Vance's trademark tool for efficiency is his check lists, usually scrawled on yellow legal paper. He confronts almost every meeting with a list of key questions, topics, problems, all in tight logical sequence. Andy Young recalls occasions when Vance has reached him at a party. "I'll pick up the phone and Cy will say, 'Andy, just a couple of points.' And, man, there they'll come—tick, tick, tick; one, two, three." Aides tell of meetings that Vance holds with CIA Director Stansfield Turner, who has a similar habit. "The two of them will checklist you into stupefaction," says one observer.

The orderly approach to his job begins for Vance shortly after 5 on weekday mornings, when he awakens in his family's rented two-story brick colonial home in Northwest Washington. He does exercises to strengthen his back, which once afflicted him so sorely that his wife Grace had to tie his shoes. An unimposing black Ford reaches the house in time to get him to his office on the State Department's seventh-floor "mahogany row" at 6 on some mornings, 7 at the latest. By the time Vance arrives, two of his special assistants have already spent an hour poring over diplomatic cables, newspaper clippings and study papers for the day's meetings. Vance reads their selection in half an hour.

Then the pace quickens.
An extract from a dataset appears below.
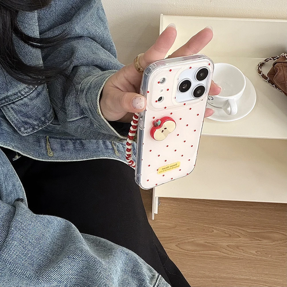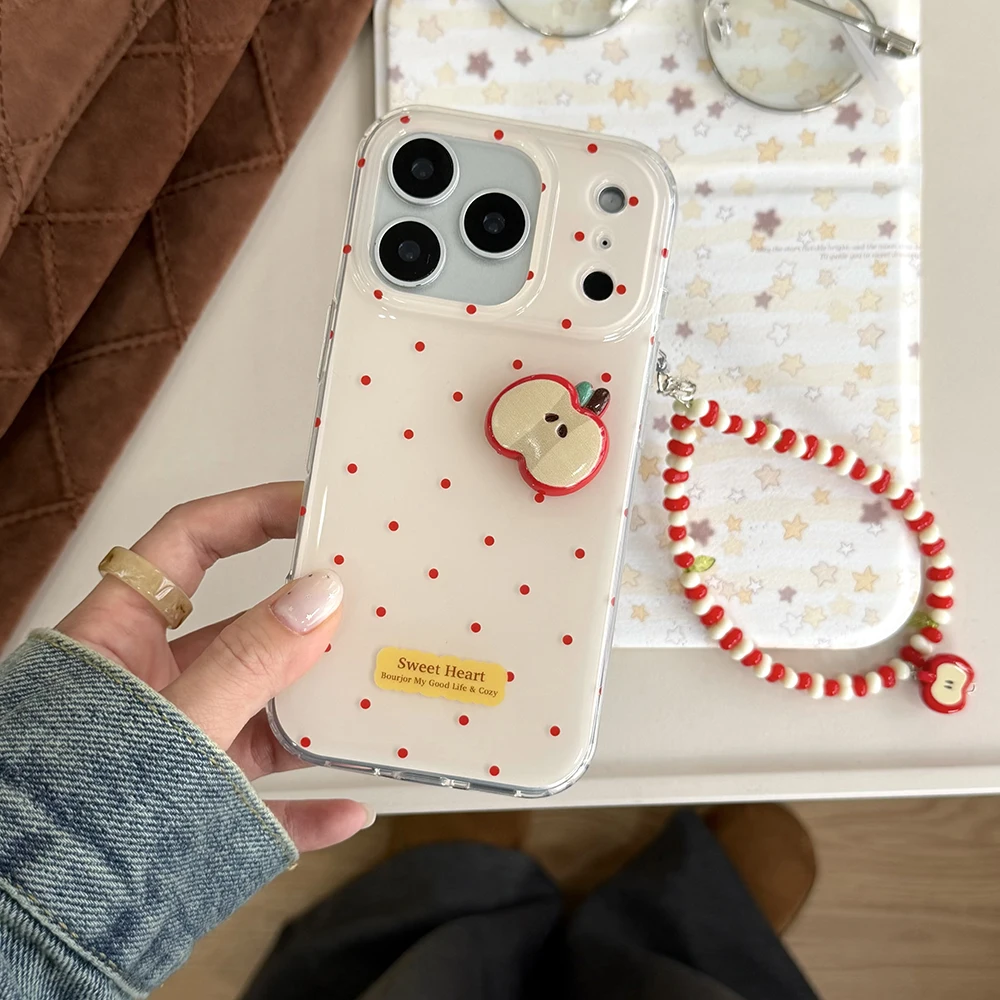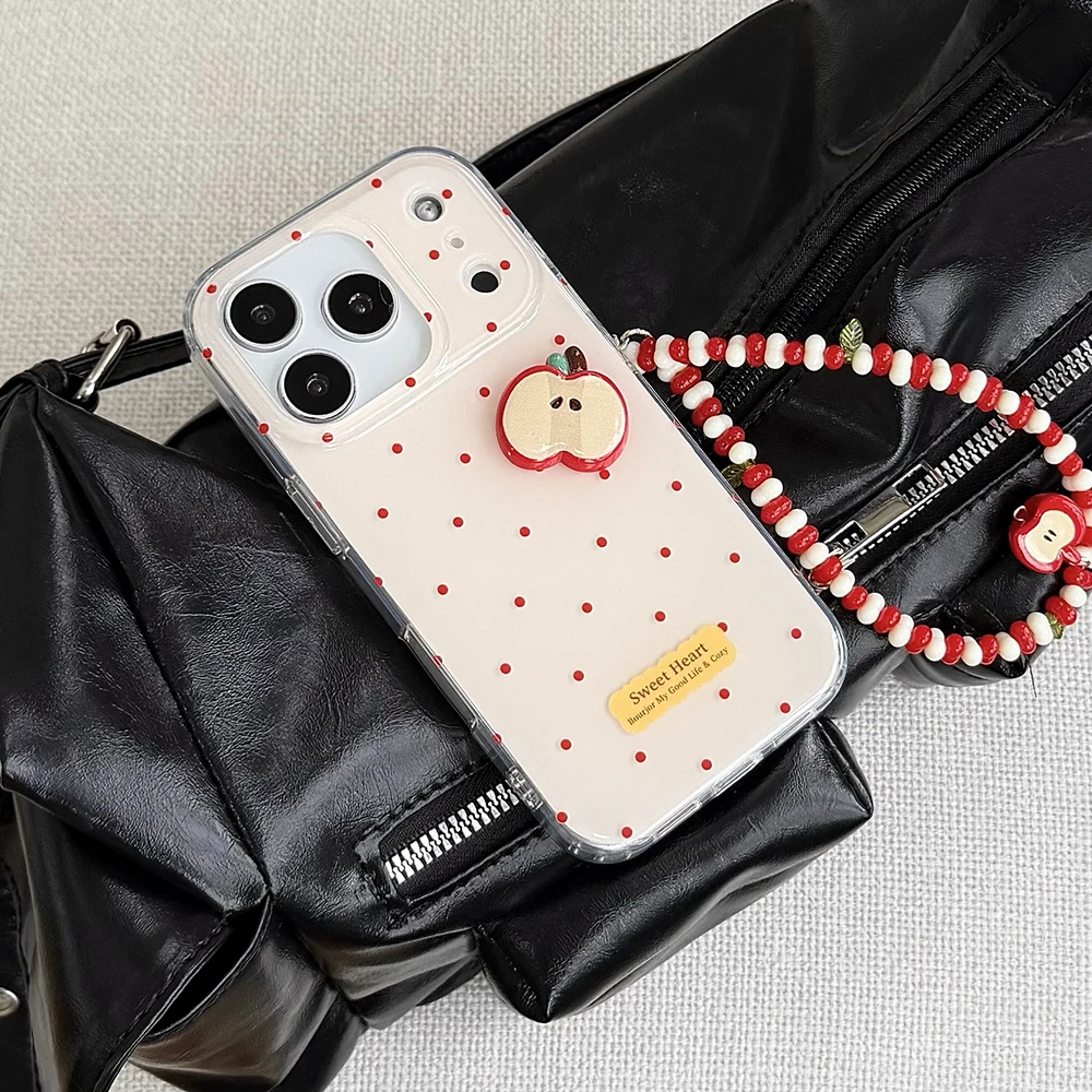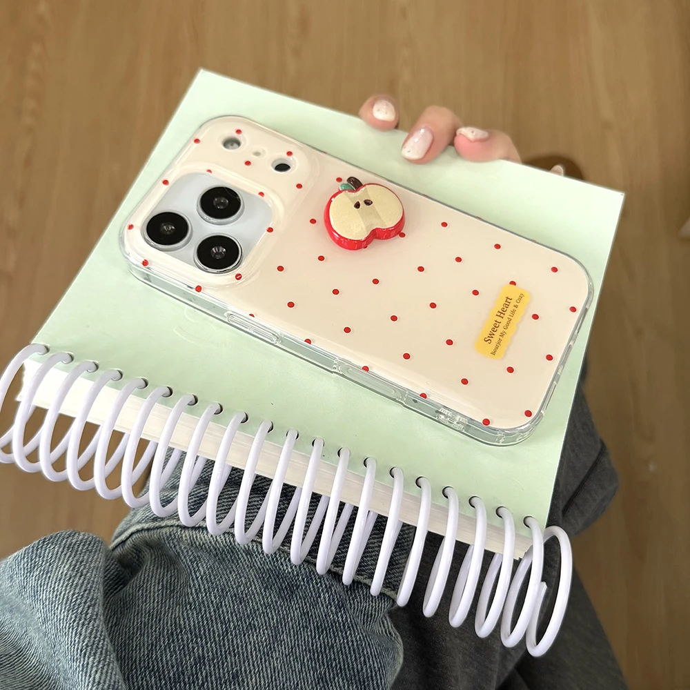 Funda de teléfono bonita 3D con rodajas de Apple y lunares rojos para iPhone 13 14 16 15 17 17pro 17Pro Max, funda protectora suave a prueba de golpes

A CIA agent gives Vance a briefing at 7:30. At 7:40, he calls in Deputy Secretary Warren Christopher, Under Secretary for Political Affairs David Newsom, Director of Policy Planning Anthony Lake, and Secretariat Director Peter Tarnoff for a ten-minute meeting to pinpoint the day's problems.

By 9 a.m. the housekeeping chores are over and the round of more substantive meetings begins. One day last week the first visitor was Ambassador to Saudi Arabia John West. Then Vance discussed arms-limitation issues with SALT Negotiator Paul Warnke; Leslie Gelb, director of the Bureau of Politico-Military Affairs; Legal Adviser Herb Hansell, and Nimetz. Next in order came Dutch Foreign Minister Christoph van der Klaauw, CBS Correspondent Richard Hottelet, and a White House meeting on SALT between the President and Brzezinski. A 5 p.m. trip to Andrews Air Force Base to meet Rumanian President Nicolae Ceauşescu concluded a typical business day. He manages to get home most evenings by 8.

After that kind of grind, Vance tries evade the diplomatic cocktail circuit. He and Grace—she too is an intensely private person—turn down numerous invitations, preferring to spend their evenings at home. They may go to a movie together, but rarely watch television unless a news event demands attention.